If not I guess I can change the controllers in the save game files using a sed script or something.

Crow_T · Post by **Crow_T** » November 22nd, 2013, 10:16 pm

I'm totally out of my league here, but from my 3D days I recall that QMC was fast and still had good results https://en.wikipedia.org/wiki/Quasi-Monte_Carlo_method I'm guessing though that these are part of your tests...

iceiceice · Post by **iceiceice** » November 25th, 2013, 2:22 am

Hi, I thought I would post an update.

So a big part of my idea was that you can use linear programming to approximately figure out e.g. what is the weakpoint of the enemy line, what is the best unit to hit with first, and some things like this. I have not used linear programming packages before but they are supposed to be highly developed and super fast nowadays, like a "small" size program has thousands of constraints and variables.

They say that you cannot predict how fast you can solve a program based on size alone, the structure of the LP matters. So there was some testing that needed to be done to see exactly how fast they would be for the LPs I am getting from wesnoth, and if it would be good enough.

Preliminary testing shows that if I run it on LPs based on the position at a typical climactic battle from one of Cackfiend's or Amikrop1's ladder games, it builds the LP in 10ms and solves it in < 1 ms. I've tested it on 8 different replays. That is excellent, it means that solving the LP is usually going to be negligible compared to just writing it down. So I think using LPs for monte carlo techniques has promise, esp. because if you want to solve hundreds of LPs on a turn, lots of times they are related. For example, if you attack a unit and don't kill it, usually that means you just delete a few rows from the program or something like this, and then you are set for the next turn. So the cost to build can be amortized over many turns as well, which means you could potentially run simulations which solve thousands of LPs in a second, if it was all coded up carefully.

The next step is to try to set up the monte carlo stuff, and write the AI that is actually supposed to use the LPs to play wisely. Right now all I do is solve them and give debugging output.

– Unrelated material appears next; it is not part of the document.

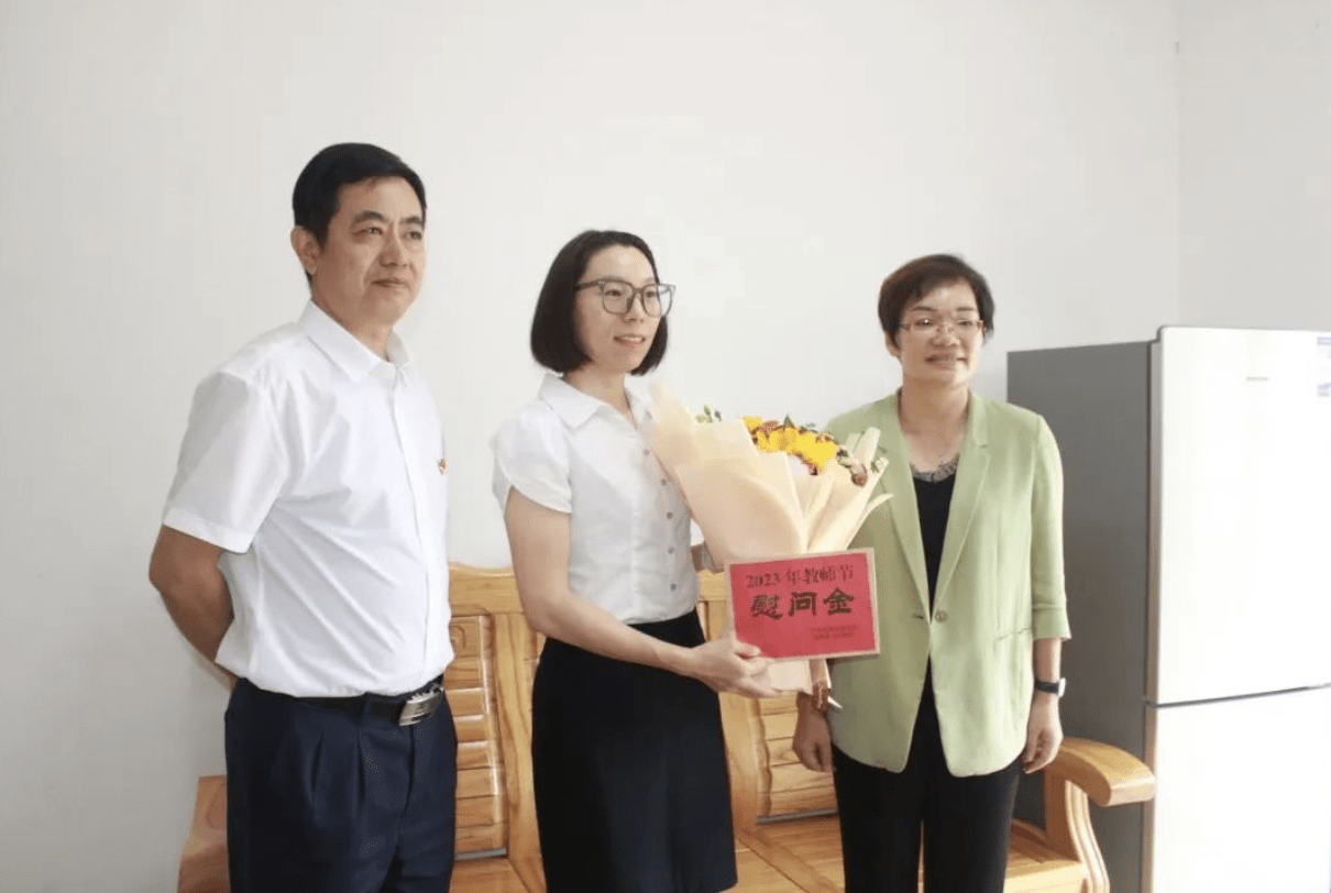 今年教师节前夕,靖西市委副书记黄兰爱慰问在当地支教的谢爱兵校长、周荣华老师
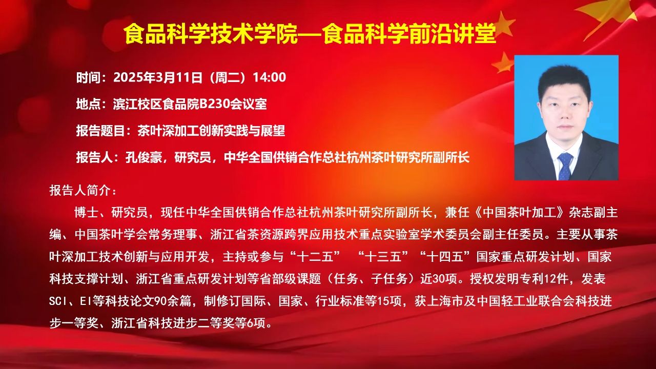 365best体育亚洲官网食品科学前沿讲堂(3月11日)

iceiceice · Post by **iceiceice** » November 30th, 2013, 10:39 pm

Ok, time for another update --

Good news: I got the basic monte carlo idea suggested by JaMiT to work.

Spoiler:

Bad news: Right now the proof-of-concept AI takes about 10-20 seconds for each move on the most complicated positions, like the first one attached, even with debugging output off on the helper/simulation AI. (Normally it writes LP to temporary files to help with debugging.) Also it crashes, I think because I have a memory leak somewhere ><.

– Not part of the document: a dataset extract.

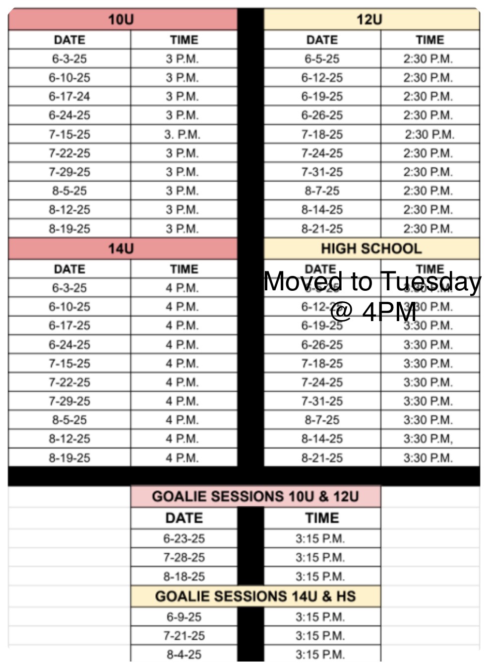 **All players registered as a Goalie will receive extra Goalie ice time sessions**
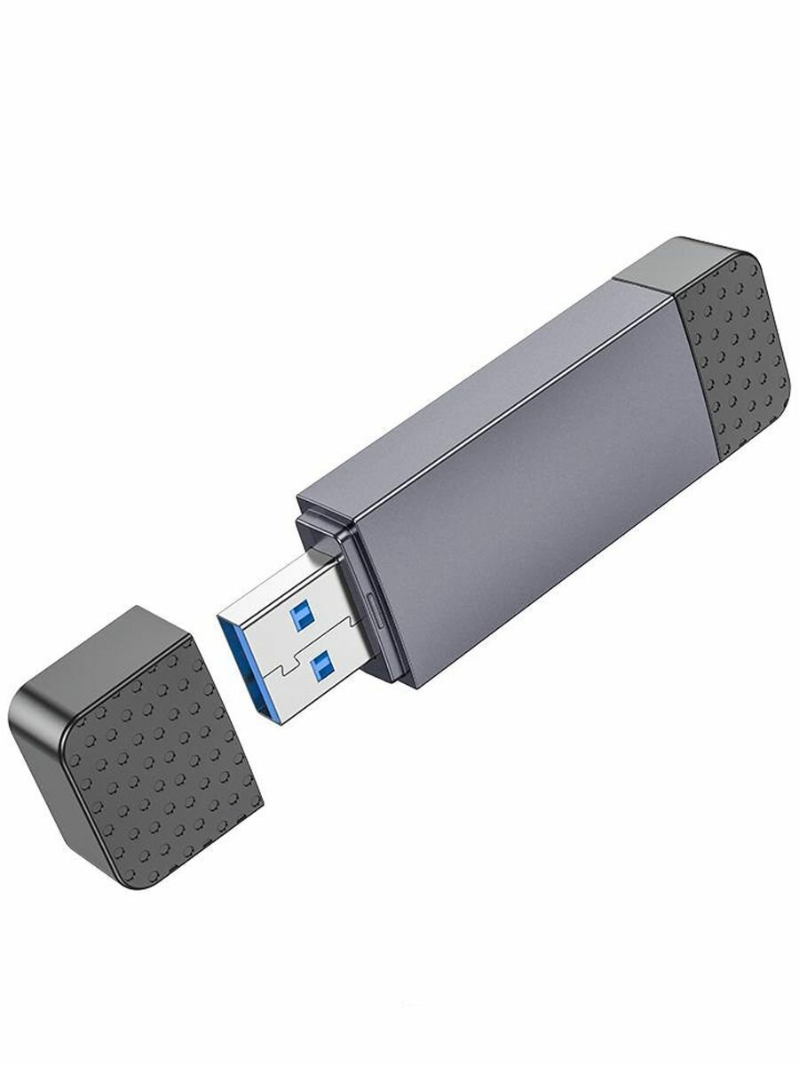 Картридер Hoco HB45 Spirit 2-в-1 USB / Type-C 3.0 для SD и MicroSD / TF карт, серый

Good news: The proof of concept AI is far from optimized -- it does not do any LP caching. Also I have not used the special optimization features of the LP solver library. Right now it reallocates the entire matrix every time I add a row. There are options to make it preallocate instead which allegedly speeds things up at least an order of magnitude. I believe that is the bottleneck right now in overall program performance. So it may be possible to get two orders of magnitude performance increase after optimizations. Also maybe I can write a modified copy constructor for unit_map which doesn't mind if the input has some active iterators into it. If not, I think 5 seconds / move might be an acceptable goal for this project.

Bad news: The proof of concept AI seems like it might actually be worse than the helper AI it is supposed to be boosting... I think I need to increase the number of simulations to drown out noise ><, so that is something to fight against also.

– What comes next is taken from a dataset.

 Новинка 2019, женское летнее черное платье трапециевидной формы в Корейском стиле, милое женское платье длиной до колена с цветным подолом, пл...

Good news: On less complicated but still quite complicated positions it seems to be running just fine.

Note: The helper ai is also still far from complete, it does not understand about leadership, backstab, or berserk. Or that sometimes you should move a unit off the front line to make way for a different unit. But the essence of it is close to what I have imagined.

Also, the monte carlo AI is not currently playing the side of the enemy in the simulations, like I want, because I can't do that until I do a copy constructor for play_controller.

iceiceice · Post by **iceiceice** » November 30th, 2013, 10:59 pm

Crow_T wrote:I'm totally out of my league here, but from my 3D days I recall that QMC was fast and still had good results https://en.wikipedia.org/wiki/Quasi-Monte_Carlo_method I'm guessing though that these are part of your tests...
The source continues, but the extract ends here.